Collective Anomalies: A set of data instances collectively helps in detecting anomalies. A single data point may look normal when looked in isolation, but when we look into a group of the datapoints, unexpected pattern may emerge. For example an irregular heartbeat may indicate a heart failure problem. When we look at an individual heartbeat it may look normal, when we look at a series of hearbeats we may notice that some heartbeats are missing. In this course, we will not explain this type of anomaly in more detail.

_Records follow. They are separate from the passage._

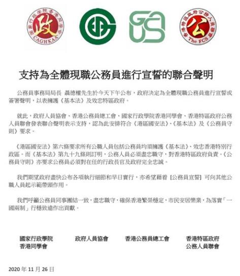香港公務員總工會、國家行政學院香港同學會、政府人員協會及香港特區政府公務人員協會發布聯合聲明,表示支持,認為該決定符合《香港國安法》、《基本法》及《公務員守則》要求。期望政府盡快公布各項執行細節及早日實行。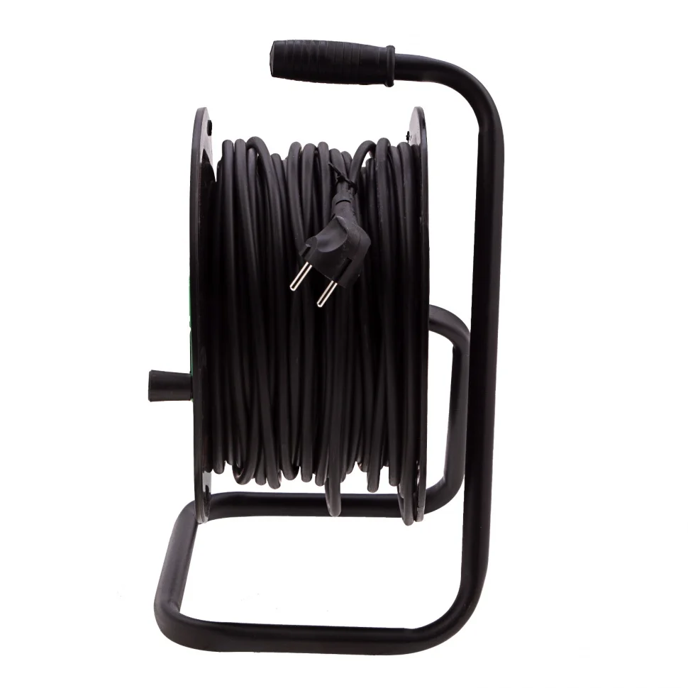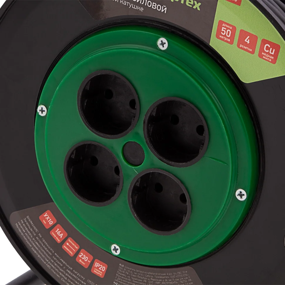 Силовой удлинитель Сибртех 95865 типа УХ10, 16 А, тип кабеля ПВС, на кабельной катушке, с 4 розетками, используется для подключения электроприборов на расстоянии до 50 м от стационарного источника электропитания. При этом суммарная мощность подключенных потребителей энергии не должна превышать 3500 Вт. Металлическая стойка сетевого удлинителя полая внутри, что облегчает конструкцию. Удлинитель пригодится во время строительных работ на дачном участке.ПреимуществаКабель быстро сматывается и разматывается при помощи удобной ручки.Риск получения электротравмы снижен благодаря прорезиненной поверхности ручки.Можно быстро включать и выключать питание посредством выключателя на корпусе удлинителя.Корпус изделия рассчитан на длительную эксплуатацию, т.к. изготовлен из гибкого ударопрочного пластика.Кабель устойчив к механическим повреждениям, т.к. покрыт двойной ПВХ-оболочкой.Характеристики удлинителя соответствуют требованиям ТР ТС 004/2011, что подтверждено соответствующим сертификатом.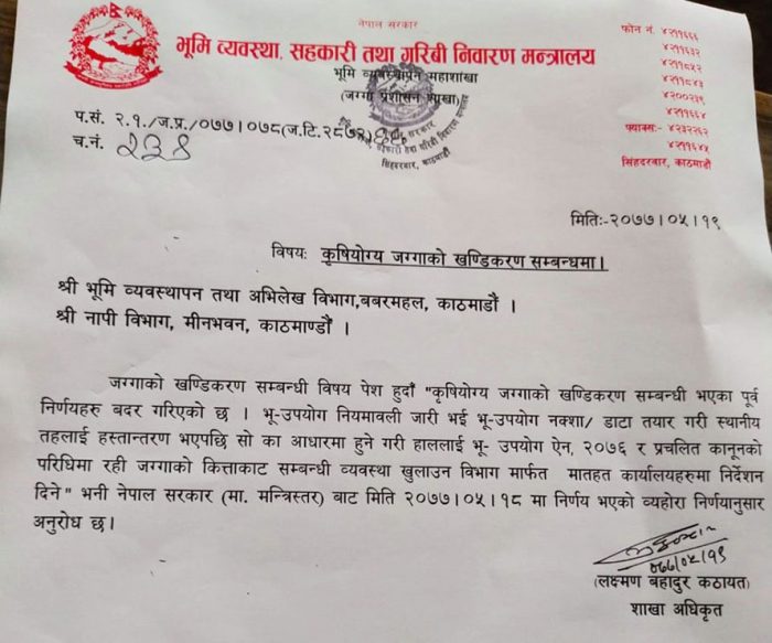 दहितले बन्द गराएको कित्ताकाट अर्यालले फुकुवा गरेकी हुन । भू–उपयोग ऐन र प्रचलित कानूनको परिधिमा रही जग्गाको कित्ताकाट खुलाउन मन्त्रालयले मातहतका कार्यालयलाई परिपत्र गरेको हो। भू–उपयोग नियमावली जारी भई भू–उपयोग नक्शा र डाटा तयार गरी स्थानीय तहलाई हस्तान्तरण नहुन्जेलसम्मका लागि कृषियोग्य जग्गामा कित्ताकाट गर्न सकिने मन्त्रालयले जनाएको छ।

Anomaly Detection Techniques
There are several techniques for anomaly detection, including:
Statistical Methods: These methods model the normal data behaviour using statistical models and then use these models to detect anomalies.
Distance-Based Methods: These methods calculate the distance between data points. Data points that are far away from others are considered anomalies.
Density-Based Methods: These methods consider the density of data points. Areas of low density could be indicative of anomalies.
In this discussion, we used Statistical Methods. Where we fit a statistical model to the data and anomalies are identified as points where the model is a poor fit.
In this particular case, a Gaussian distribution is used to model our data. Basically, we model the data we have with the assumption that the data closely follows (fit) a normal distribution.